As part of progressively reducing Icinga' scope we should be moving off it all paging checks/alerts. This will also help improving paging alerts reliability (e.g. {T294166}) because we'll be using the VO API exclusively, as opposed to the email transport.
== List of current (April 2022) paging alerts in Icinga ==
=== Prometheus-based (via Icinga `check_prometheus`) ===
* [x] excessive RX traffic on LVS interfaces
* [x] not enough php-fpm workers
* [x] reduced availability (i.e. high 5xx) for ats-tls and varnish
* [x] high rate of NEL errors
=== Native Icinga/NRPE checks ===
* [ ] zookeeper server (`check_procs` on java process)
* [x] LVS/service::catalog checks.

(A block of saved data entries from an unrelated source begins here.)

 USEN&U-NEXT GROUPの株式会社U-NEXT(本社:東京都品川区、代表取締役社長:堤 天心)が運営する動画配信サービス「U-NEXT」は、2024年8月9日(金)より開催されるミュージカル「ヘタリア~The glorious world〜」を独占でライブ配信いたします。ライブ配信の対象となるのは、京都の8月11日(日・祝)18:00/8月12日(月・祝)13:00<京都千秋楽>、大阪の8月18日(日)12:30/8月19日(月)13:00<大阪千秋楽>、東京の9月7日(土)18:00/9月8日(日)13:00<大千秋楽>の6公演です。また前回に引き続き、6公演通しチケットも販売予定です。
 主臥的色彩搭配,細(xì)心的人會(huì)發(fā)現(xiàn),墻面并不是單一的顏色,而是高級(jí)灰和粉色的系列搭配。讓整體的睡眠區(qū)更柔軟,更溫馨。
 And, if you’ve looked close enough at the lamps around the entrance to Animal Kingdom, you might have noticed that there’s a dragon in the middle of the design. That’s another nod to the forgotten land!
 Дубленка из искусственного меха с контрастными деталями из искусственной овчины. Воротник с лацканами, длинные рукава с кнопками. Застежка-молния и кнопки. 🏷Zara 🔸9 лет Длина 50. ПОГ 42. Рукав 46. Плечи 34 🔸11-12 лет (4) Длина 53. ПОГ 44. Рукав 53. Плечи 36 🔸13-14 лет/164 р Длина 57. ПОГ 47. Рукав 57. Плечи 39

Will be removed by {T291946}
* [ ] MariaDB alerts (replica, disk space, read only, mysqld processes not running, etc)
* [ ] cfssl signer per-CA and cfssl-multirootca unit status
* [ ] acme-chief unit status
* ~~Corp OIT ldap mirror (`check_ldap`)~~
* [ ] etcd replication (`check_http_url_for_regexp_on_port!${::fqdn}!${etcdmirror_web_port}!/lag!^(-[1-9]|[0-5][^0-9]+)`)
* [ ] kafka broker server (`check_procs` on java process)
* [x] exim queue
* [x] fastnetmon is alerting
* [ ] phabricator.wikimedia.org unreachable / ssl expiring
* [ ] ircd (`check_ircd` basic irc client to check connectivity and clients connected)
* [ ] auth and recursive DNS (`check_dns` and `check_dns_query_auth`)
* [ ] elasticsearch health check for frozen writes (check timestamp on ES `/mw_cirrus_metastore/mw_cirrus_metastore/freeze-everything`)
* [ ] "wiki content on commons" (and ssl expiry)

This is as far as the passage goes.